## Exercise inputs

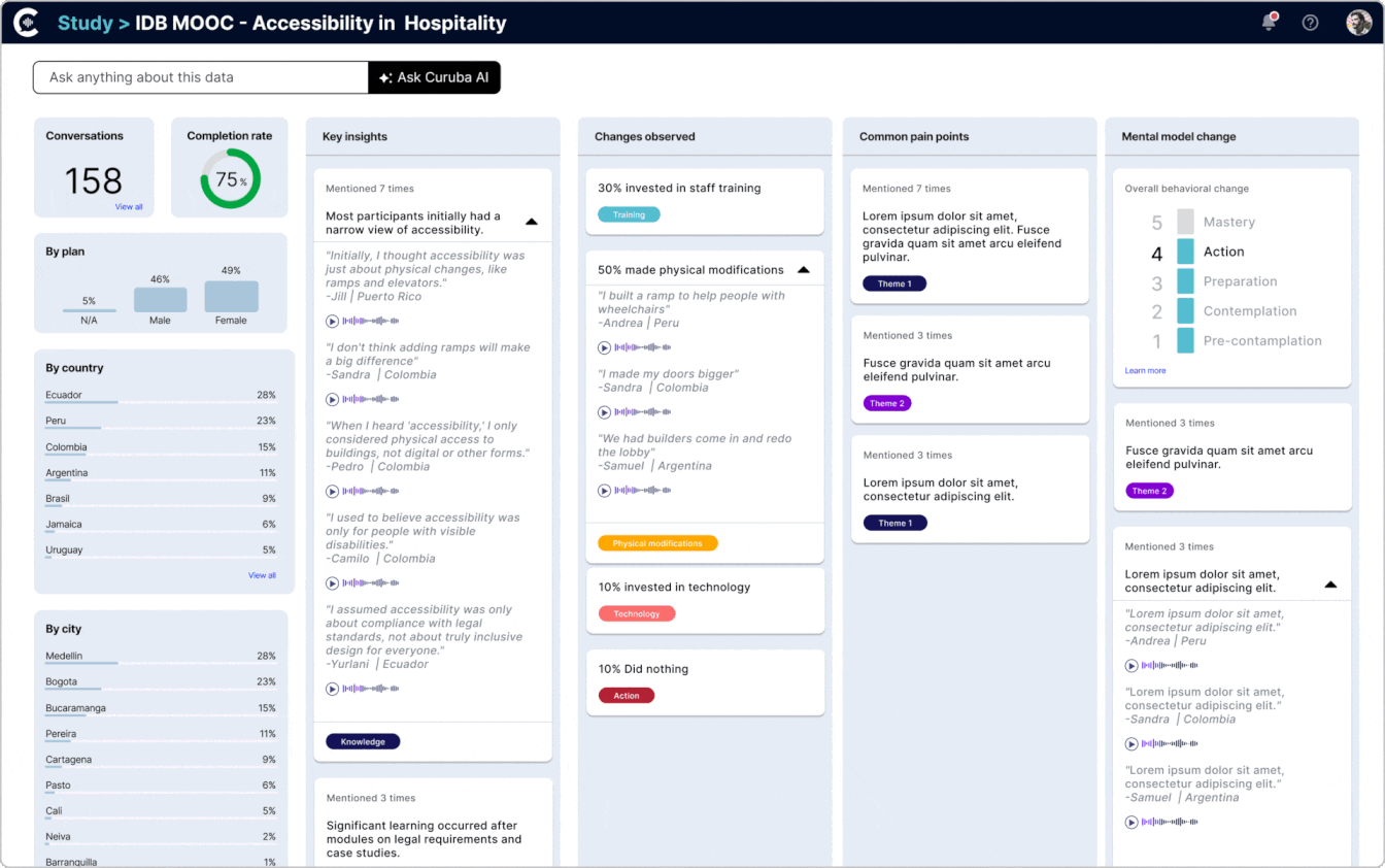 Integrate qualitative insights from our AI interviewer with quantitative metrics to form a complete picture of your project's impact. Our platform allows you to capture both hard data (e.g., infrastructure improvements) and personal stories, providing a holistic understanding of your achievements.
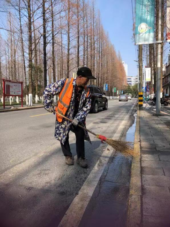 春节假期,他和往常一样,推着环卫快保车,拿着扫帚,熟练地清扫路面、人行道等区域的垃圾落叶。
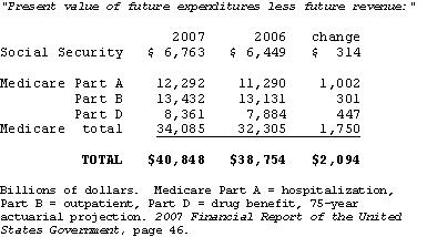 Add to the liability for Medicare and Social Secutity the reported increase in other on-balance sheet liabilities of $290 billion, and the one-year in increase in the net liabilities of the federal government becomes $2.384 trillion. (And there's more, the real final number is bigger yet -- I'm not counting other off-balance sheet liabilities for the likes of Medicaid, federal and military pensions and such because I don't want to become too depressed to continue).
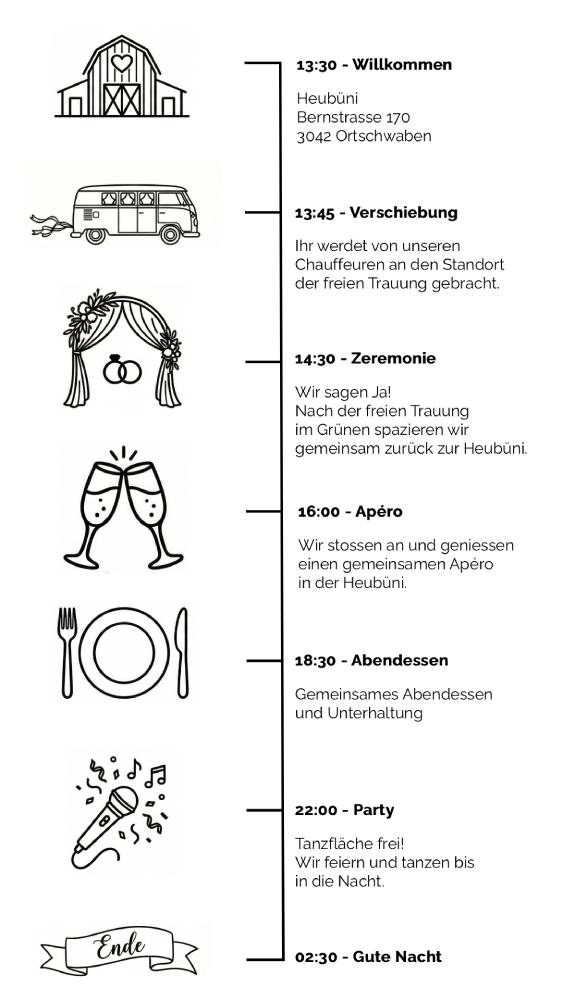 Dass ihr diesen Tag mit uns feiert, ist für uns das grösste Geschenk. Wenn ihr uns darüber hinaus eine Freude machen möchtet, sind wir dankbar für einen kleinen Zustupf in unsere Flitterwochen-Kasse.
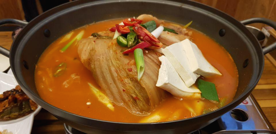 진짜 군침도는 조합이에요. 김치전골 너무 좋아하는데 여기 너무 맛있는 김치전골을 먹게 돼서 행복했어요. 물론 여기 흑돼지 오겹살도 팔고 있어서 고기만 드실 분들도 오시면 좋아요. 워낙 현지인 분들도 많이 오시는 유명한 맛집이라서 웨이팅 시간 있을 수도 있는데 조금 한적한 시간대에 방문하시는 것도 팁이라면 팁입니다.
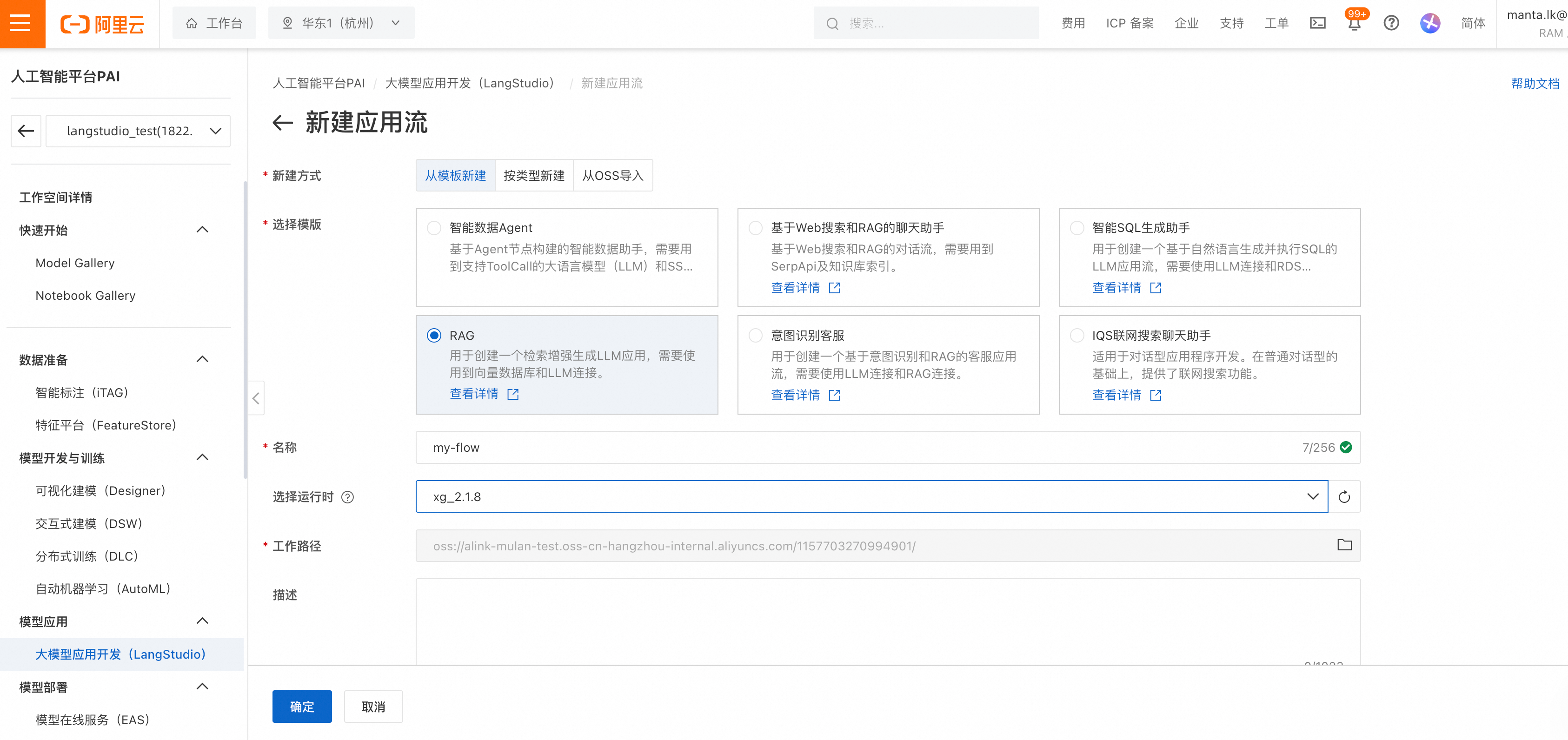 - 在PAI-LangStudio的“应用流”标签点击“新建应用流”,选择“从模板新建” -> “RAG”模板,创建应用流:

## Exercise details
Word for word, write out the whole listing, keeping none of the pictures.

## Answer to the exercise
 Integrate qualitative insights from our AI interviewer with quantitative metrics to form a complete picture of your project's impact. Our platform allows you to capture both hard data (e.g., infrastructure improvements) and personal stories, providing a holistic understanding of your achievements.
 春节假期,他和往常一样,推着环卫快保车,拿着扫帚,熟练地清扫路面、人行道等区域的垃圾落叶。
 Add to the liability for Medicare and Social Secutity the reported increase in other on-balance sheet liabilities of $290 billion, and the one-year in increase in the net liabilities of the federal government becomes $2.384 trillion. (And there's more, the real final number is bigger yet -- I'm not counting other off-balance sheet liabilities for the likes of Medicaid, federal and military pensions and such because I don't want to become too depressed to continue).
 Dass ihr diesen Tag mit uns feiert, ist für uns das grösste Geschenk. Wenn ihr uns darüber hinaus eine Freude machen möchtet, sind wir dankbar für einen kleinen Zustupf in unsere Flitterwochen-Kasse.
 진짜 군침도는 조합이에요. 김치전골 너무 좋아하는데 여기 너무 맛있는 김치전골을 먹게 돼서 행복했어요. 물론 여기 흑돼지 오겹살도 팔고 있어서 고기만 드실 분들도 오시면 좋아요. 워낙 현지인 분들도 많이 오시는 유명한 맛집이라서 웨이팅 시간 있을 수도 있는데 조금 한적한 시간대에 방문하시는 것도 팁이라면 팁입니다.
 - 在PAI-LangStudio的“应用流”标签点击“新建应用流”,选择“从模板新建” -> “RAG”模板,创建应用流:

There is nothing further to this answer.